To walk through Parthenogenesis, past works that the artists say are never truly finished, is like tracking the sediments on a river floor. It is to see the cross-section of an ever-evolving mélange. To begin to process the indiscrete and fluctuant capacities of matter on display means to become, yourself, a little less discrete, opened up to other modes of cohabitation, other possible worlds.
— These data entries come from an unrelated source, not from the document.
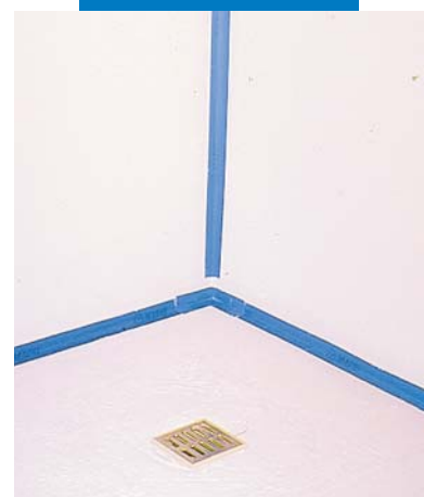
End result of a waterproofing treatment using Mapegum WPS and Mapeband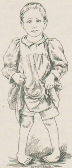
CASE VI.—Before Treatment

September 15. —Left corrected at eight sittings. (See photograph before and after treatment.)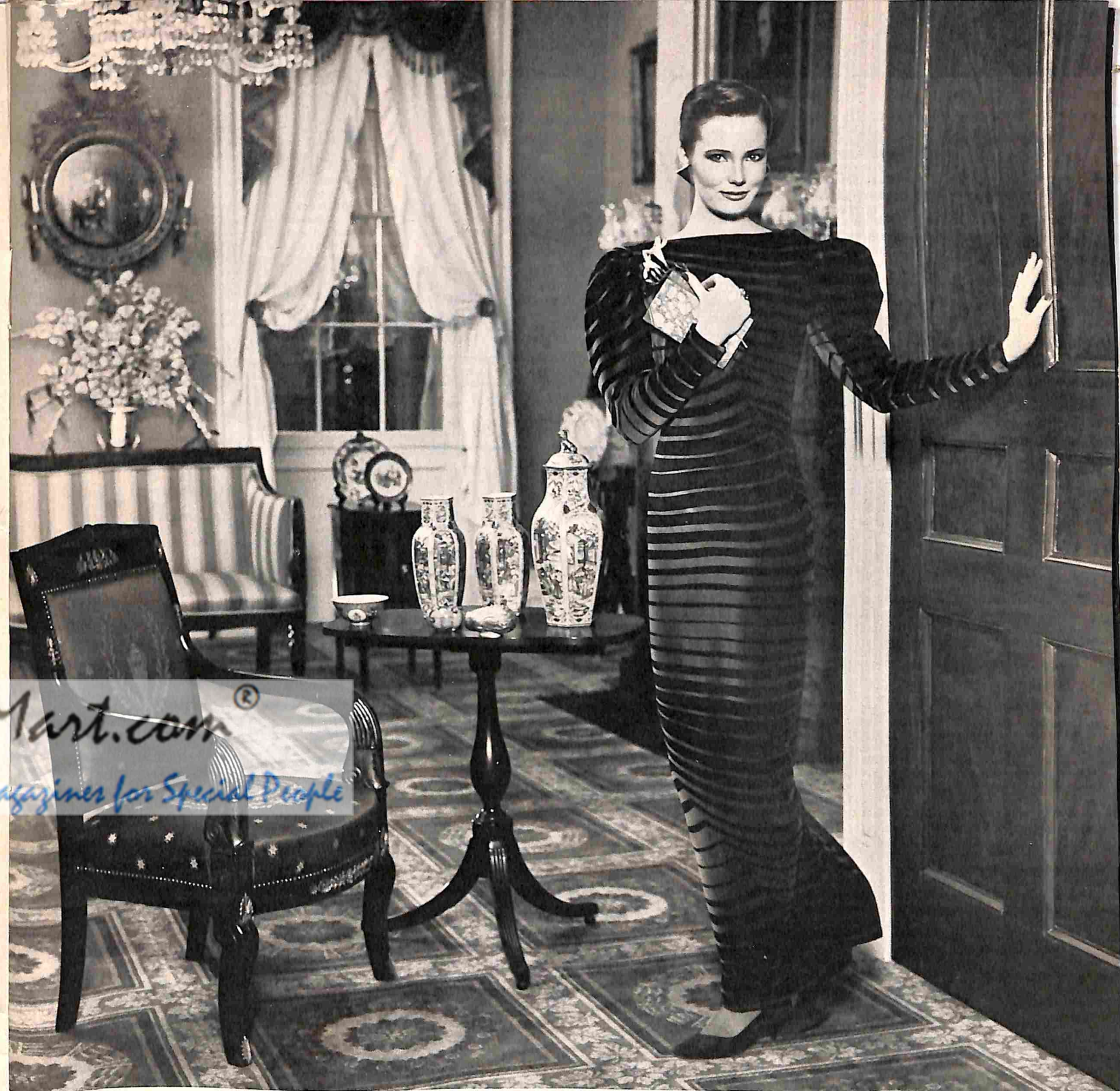
© 1984 Estée Lauder, Inc. Gown: Rizkallah Earrings: Stigi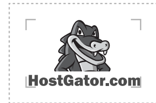
Tiny Faded Stacked Version Minimum Width 50x30 px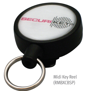
Midi Key Reel (RMBXCBS)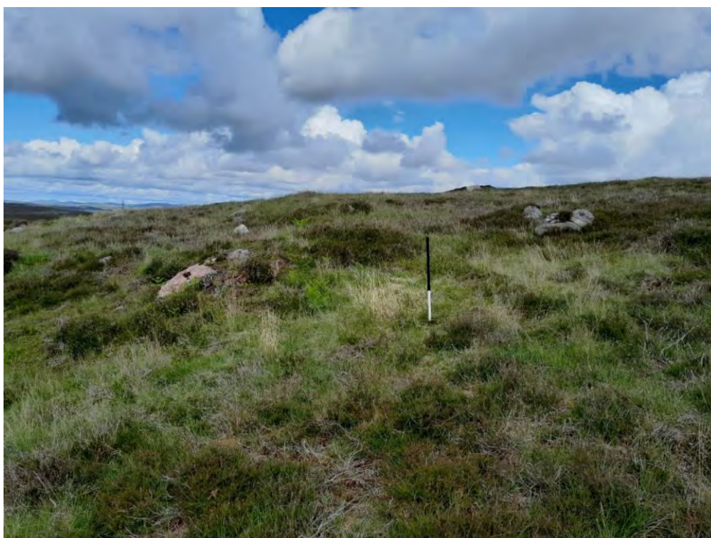
Plate 432: Clearance cairn (Asset 385.3; MHG11115), facing northwest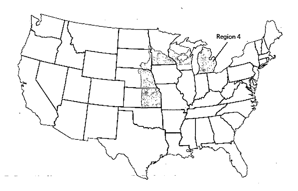
REGION 4 (Maximum Rate: 1 pint per acre, alternate years)

REGION 4 - Includes the following states or portion of states where this product may be applied: Kansas (all counties East of or intersected by U.S. Highway 281), Michigan (Southern Peninsula), Minnesota (all areas South of Interstate 94), Nebraska (all counties East of or intersected by U.S. Highway 281), and Wisconsin (all areas except those in Region 3, South of Interstate 94 from Minnesota state line to Eau Claire and South of U.S. Highway 29 from Eau Claire to Green Bay plus Barron, Chippewa, Clark, Door, Dunn, Eau Claire, Kewaunee, Marathon, Menominee, Oconto, Polk, Shawano, and St. Croix counties). The following counties are excluded: Adams, Marquette, Portage, Waupaca, Waushara and Wood), North Dakota (all areas East of Interstate 29 from Fargo South to the South Dakota state line), South Dakota (all areas East of Interstate 29 from the North Dakota state line to Watertown, all areas East of Highway 81 from Watertown to Madison and all areas East and South of State Road 34 and U.S. Highway 281 to the Nebraska state line).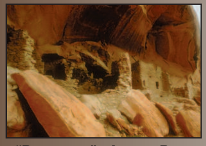
"RIVERHOUSE" - ANASAZI RUINS

Cutting deep through the slickrock country of Utah's legendary Canyonlands, in the heart of Navajoland, the river is characterized by towering redrock canyons and elaborate stratigraphic formations - truly one of the great southwestern rivers.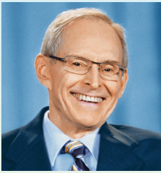
Sri Harold Klemp The Mahanta, the Living ECK Master

Each seminar builds toward the next one. They are geared toward the needs of the individuals who attend, and the needs are always changing. Each stage leads to a greater and greater circle, even as individually we move from one circle of initiation to a greater one.

But even as the show subtly manipulates your mind—moving you through explicit surface curations and implied viewer choreographies—there is, to me, a sense of a thwarted architectonics. Ramin, Rokni and Hesam’s int(er)ventions rely on the “alchemical power of play”, freeing up, speculating upon, painting over and having fun with the (often unpalatable) leftovers of a past that is not yet past. This unobstructive, ludic imagination necessitates a faith in the audience. The messy work of recontextualization needs space to breathe. That headroom is inconsistently distributed over the gallery space. There are too many walls and too many rows; a logistically-necesissated neatness perhaps, but we are left with an over-calibration that grates against the philosophy of humorous transposition that the artists encourage.
Perhaps I am being too harsh on an otherwise enlivening experience. My minor disappointment vis-à-vis curation only underlines how much I enjoyed Parthenogenesis. Doubling the playful layering on the pieces in the very structuring of the exhibit, I think, would have helped me love it more and sooner. As to the problem of spatiality and the limitations of walls—there are no quick fixes to that. Suffice to say, I am happier with a cramped showing of Ramin, Rokni and Hesam’s work than none at all. And for hosting their “first institutional solo exhibition in the UAE”, I have nothing but the highest of praise for Maya Allison and the team at the Art Gallery.
Do not miss a chance to see this show. And while its spectacularity is hard to move past, the real reckoning comes in the rooms beyond the central floor.
We desperately need more exhibitions of this alter-nature, that perform disorientations, plumb histories and give language to our implicatidness in each other's lives, human and nonhuman alike. So passions can flare and passivities fade. This is Parthenogenesis—time to negotiate.